2. Always be suspicious of emails
The FBI’s Internet Crime Complaint Center published a recent report indicating that phishing-related scams — where bad actors pose as reputable or familiar individuals to convince the recipient to disclose personal information — resulted in more than $48 million in losses in the U.S. This shows how much harm a simple email can cause.
“All employees must be trained to be suspicious of all emails, especially unexpected ones,” Herman says. Even emails from known people, including coworkers or friends, can be malicious because their email account may have been hacked.
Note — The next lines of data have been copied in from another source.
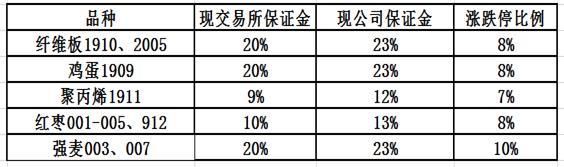 关于2019年9月3日相关品种停板合约保证金率和涨跌幅调整的通知
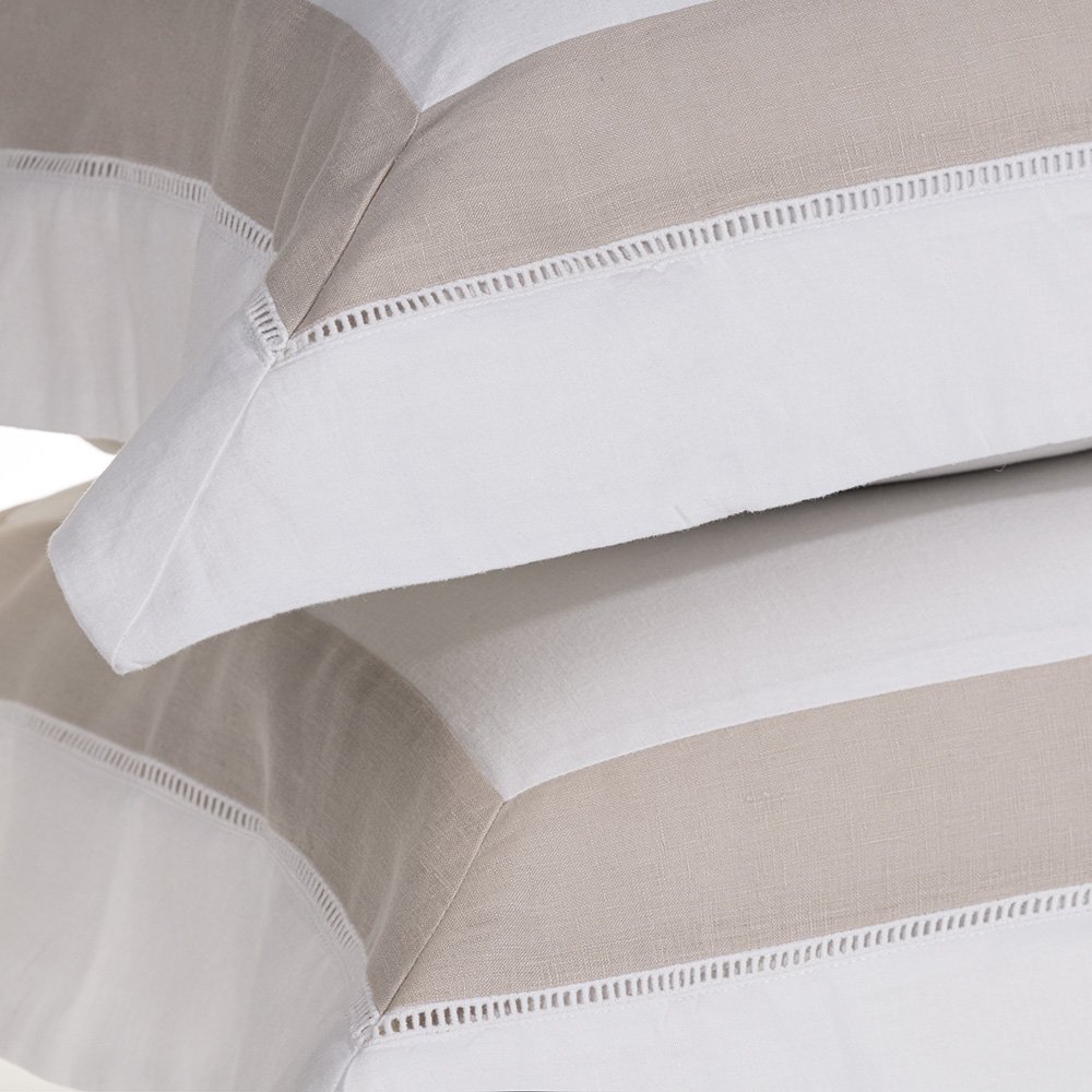 O linho traduz a busca contínua pela sofisticação, refletindo leveza e atemporalidade. A cama Rivus oferece um design clássico e um equilíbrio harmonioso entre tons neutros, destacados por um delicado entremeio bordado. O linho, uma fibra nobre altamente absorvente com propriedades antibacterianas, permite que a pele respire e não retenha umidade. Sua textura suave emana frescor ao toque e evoca uma elegância natural para o seu quarto.
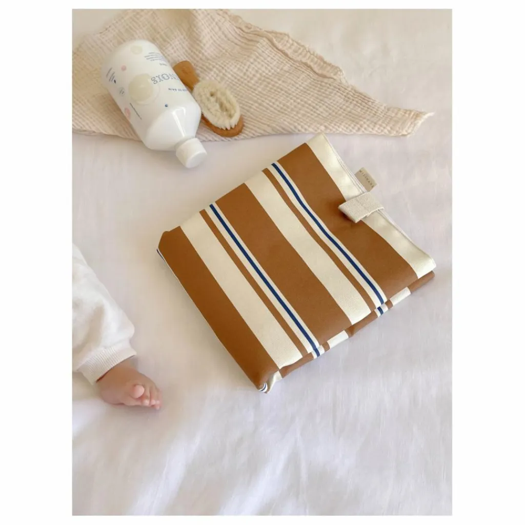Ce matelas à langer de voyage est pratique, confortable et sûr. Fabriqué en canevas de coton résistant, il possède une poche zippée pour les couches et lingettes, se replie facilement et se ferme avec un bouton aimanté. Son rembourrage en molleton assure le confort du bébé. Certifié Oeko-Tex, il est facile à nettoyer en machine. Un essentiel pour les parents en déplacement.
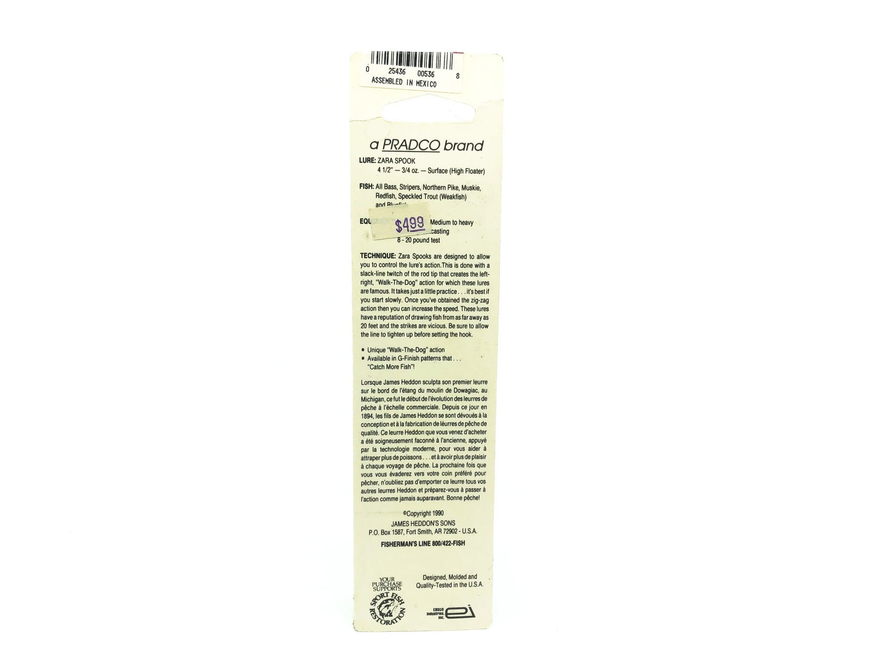 From the famous Heddon Zara family first introduced in 1939, the Zara Spook was the first of Heddon’s “million sellers.” The Zara’s legendary walk-the-dog action has been written about more than any other fishing lure. Whether fish are suspended or working the surface, the distinctive action of the Zara Spook calls them from great distances, prompting explosive strikes every time. Generations of anglers have called the Heddon Zara Spook their “secret” lure. They can count on Spooks, even when fishing gets tough!
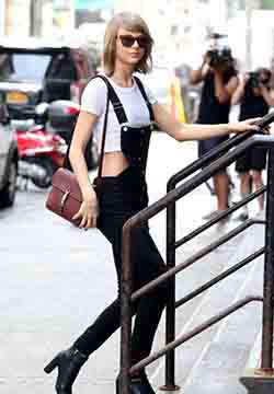 泰勒穿黑色背带裤搭纯白超短top露蛮腰 脚踩黑色粗跟短靴帅气星范足
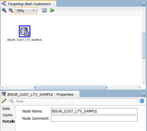 新しいデータソースノードを選択し、プロパティタブの詳細セクションを使って,以下のようにノード名をINSUR_CUST_LTV_APPLYに変更します:
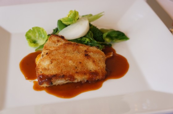 本日のお魚料理は、スズキのポワレ、香草パン粉焼き。
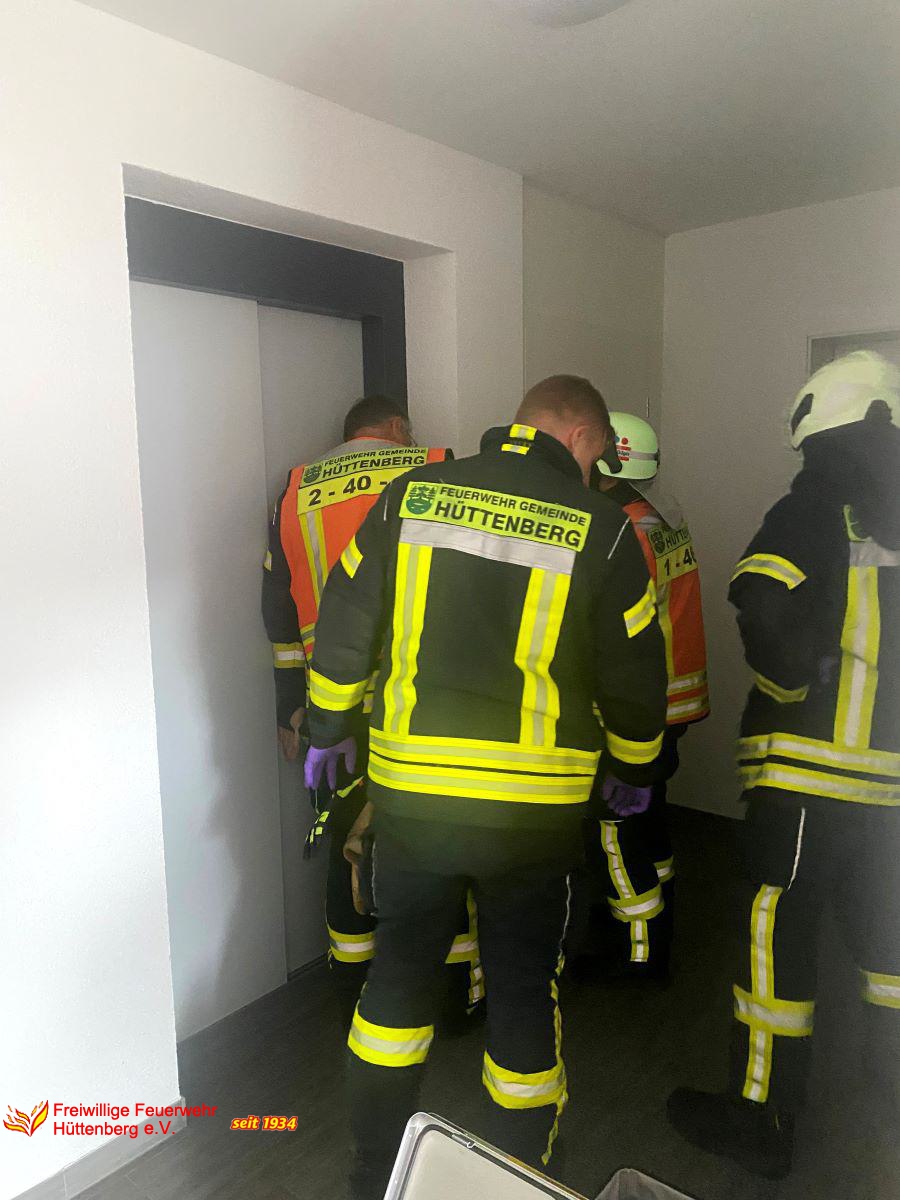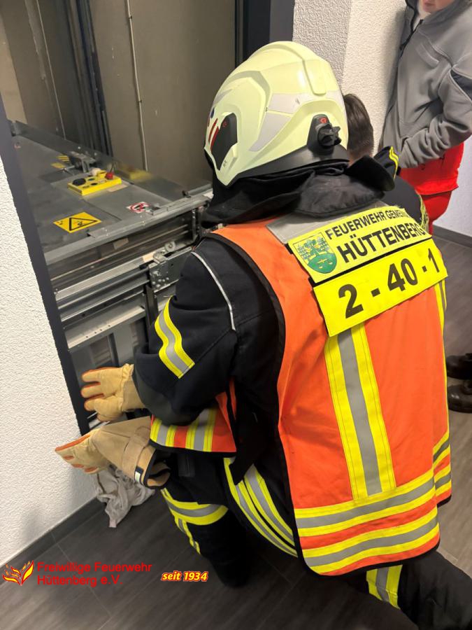 Eine Bewohnerin eines Mehrfamilienhauses ist mit dem Aufzug stecken geblieben. Da der interne Notruf nur schlecht zu verstehen war, wählte die Frau den Notruf der Feuerwehr. Beim Eintreffen der Einsatzkräfte öffnete man die Aufzugstür und stellte fest, das dieser genau in der Mitte von zwei Stockwerken stecken geblieben ist. Über ständiges Sprechen hatte man Kontakt zu der eingeschlossenen Frau. Das Verschieben der Aufzugskabine gestaltete sich als langwierig, auch als der Servicetechniker der Aufzugsfirma später eintraf. Nach über 1 Stunde konnte die Frau etwas verlegen aber unverletztbefreit werden.

Usually the context of the email gives it away. “For example, consider an unexpected vendor email that has odd wording and is asking you to download an invoice from a link. When in doubt, verify directly with the source,” Herman says. “Don’t download anything.”
3. Adopt a privacy framework
He recommends adopting the privacy by design framework, which mandates that privacy be embedded into the very core of your operations, and the responsibility for privacy shared among all levels of your team.
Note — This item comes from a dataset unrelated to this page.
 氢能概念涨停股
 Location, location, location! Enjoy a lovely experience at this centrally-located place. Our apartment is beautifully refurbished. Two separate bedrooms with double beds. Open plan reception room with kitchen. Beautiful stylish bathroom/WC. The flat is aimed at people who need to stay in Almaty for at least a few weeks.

With this framework, you proactively embed privacy into the design and operation of IT systems, networked infrastructure, and business practices. “For example, if you collect only essential data from users, and you consider security throughout a product’s development, the risk of a data breach for that product is significantly minimized,” Fogg says.
4. Employ multifactor authentication
As technology becomes more advanced, cybersecurity threats become more sophisticated. Fogg says that implementing a system that uses two or more authentication factors — among them, knowledge, possession, and biological traits — adds extra layers of protection, with each factor compensating for the weaknesses of another.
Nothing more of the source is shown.